The aim of this study was to determine the relative abundance of mRNAs for the insulin-like growth factor I (IGF-I) and IGF-II ligands, and for the IGF receptors (IGF-IR and IGF-IIR) in in vitro preimplantation bovine embryos from the oocyte to the hatched blastocyst stage using two different culture systems: TCM-199 supplemented with oestrous cow serum, or synthetic oviduct fluid supplemented with polyvinyl alcohol. Development to the two- to four-cell stage and blastocyst stage was significantly higher (P < or = 0.05) in embryos cultured in TCM supplemented with oestrous cow serum than in those cultured in synthetic oviduct fluid supplemented with polyvinyl alcohol (61 and 25% versus 55 and 17%, respectively). A semi-quantitative RT-PCR assay did not detect IGF-I transcripts at any stage of preimplantation bovine development, including the hatched blastocyst stage. In both culture systems, IGF-IR, IGF-II and IGF-IIR were expressed throughout preimplantation development up to the hatched blastocyst stage in a varying pattern. The expression patterns of IGF-IR, IGF-II and IGF-IIR in embryos generated in the two culture systems were not significantly different, except at the expanded blastocyst stage, at which significantly higher amounts of IGF-IIR were observed in the TCM system than in the synthetic oviduct fluid system.
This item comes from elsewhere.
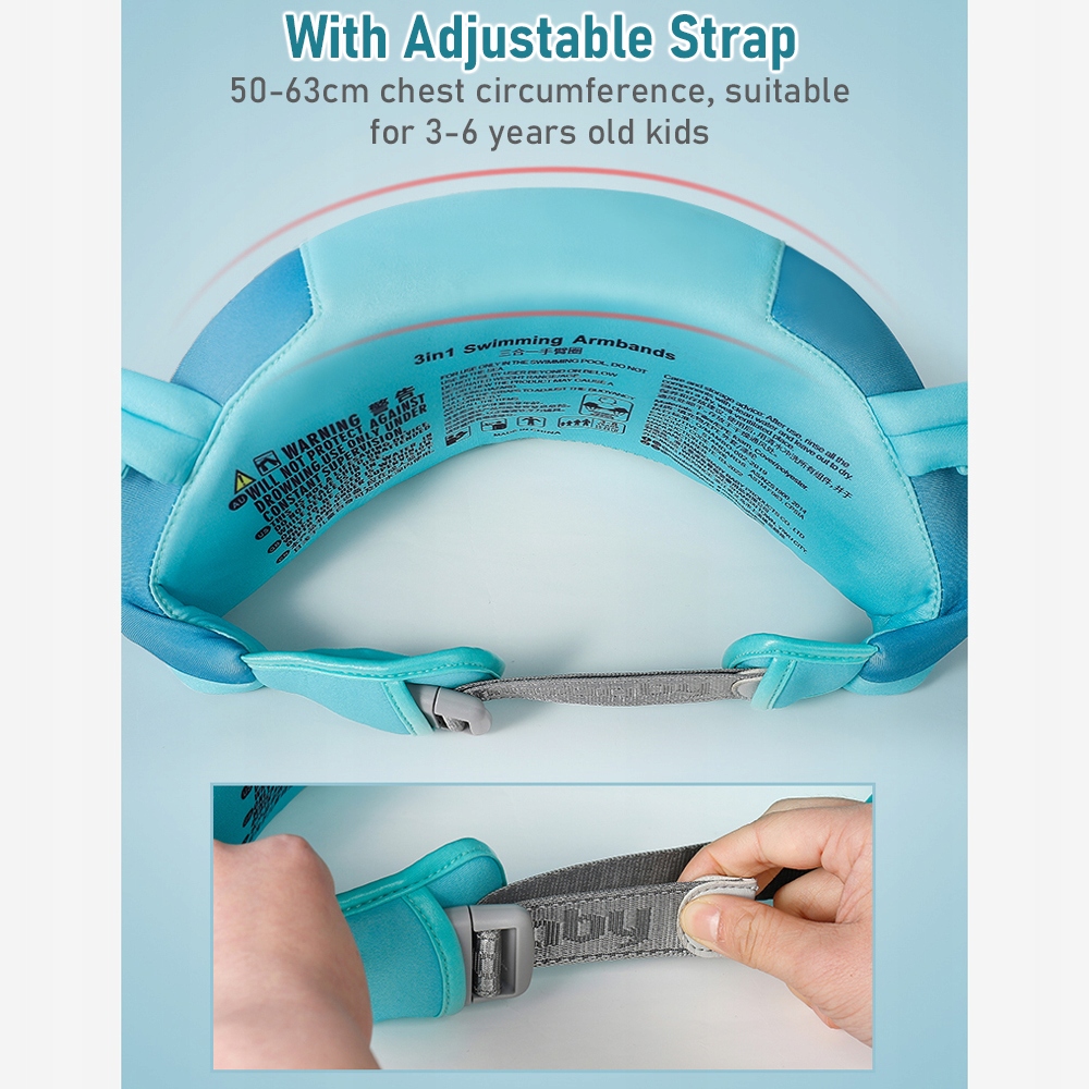 【Знімні нагрудні кільця та наручі】Кільце з кільцями та нарукавники знімні. Діти можуть використовувати клітку та руки разом або окремо відповідно до різного етапу навчання плаванню.
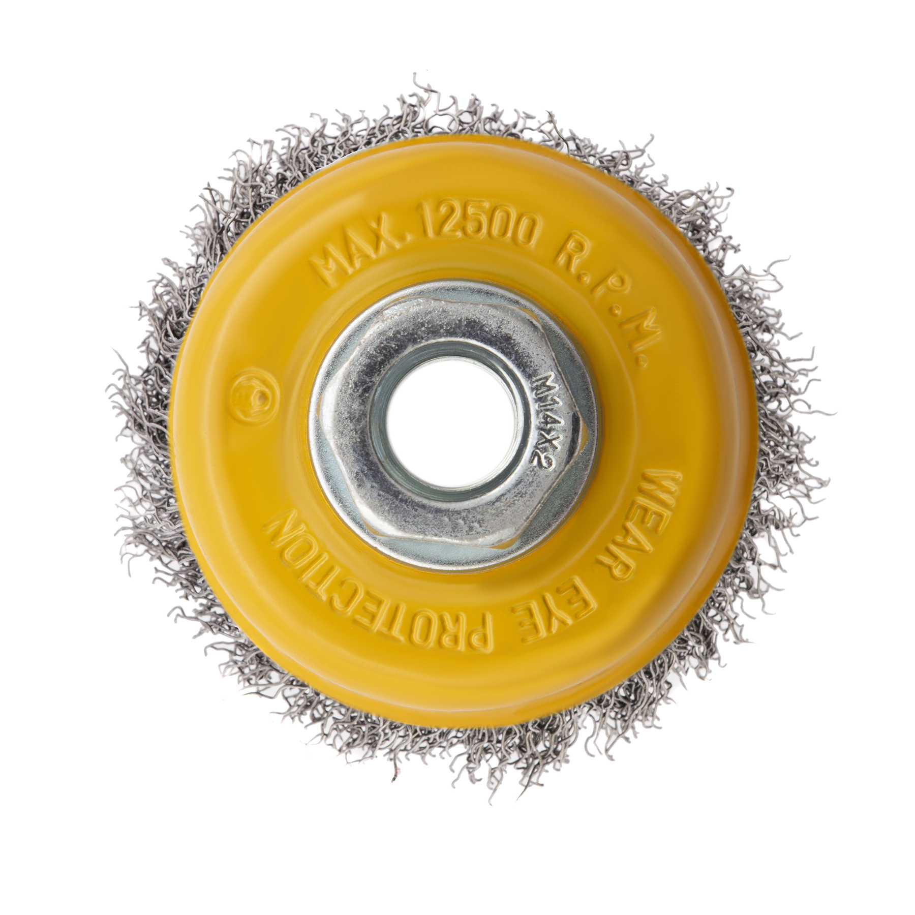 Щетка устанавливается на вал углошлифовальной машины (УШМ) и предназначена для работы с максимальной скоростью 12500 об/мин. Во время работы обязательно соблюдение техники безопасности и использование средств индивидуальной защиты.

These results indicate that transcripts of IGF-IR and IGF-IIR follow the standard pattern in which maternal stores of mRNA in the oocyte are slowly depleted up to the 16-cell stage and then re-established at the onset of embryonic expression of these genes. The lack of detectable IGF-I transcripts in the bovine embryo indicates a predominantly paracrine mode of action. The bovine embryo is capable of producing IGF-II, IGF-IIR and IGF-IR in large amounts, particularly after hatching, which may be important for the formation of the filamentous conceptus. Results indicate an autocrine mechanism for IGF-II and modulation of IGF family expression by culture conditions.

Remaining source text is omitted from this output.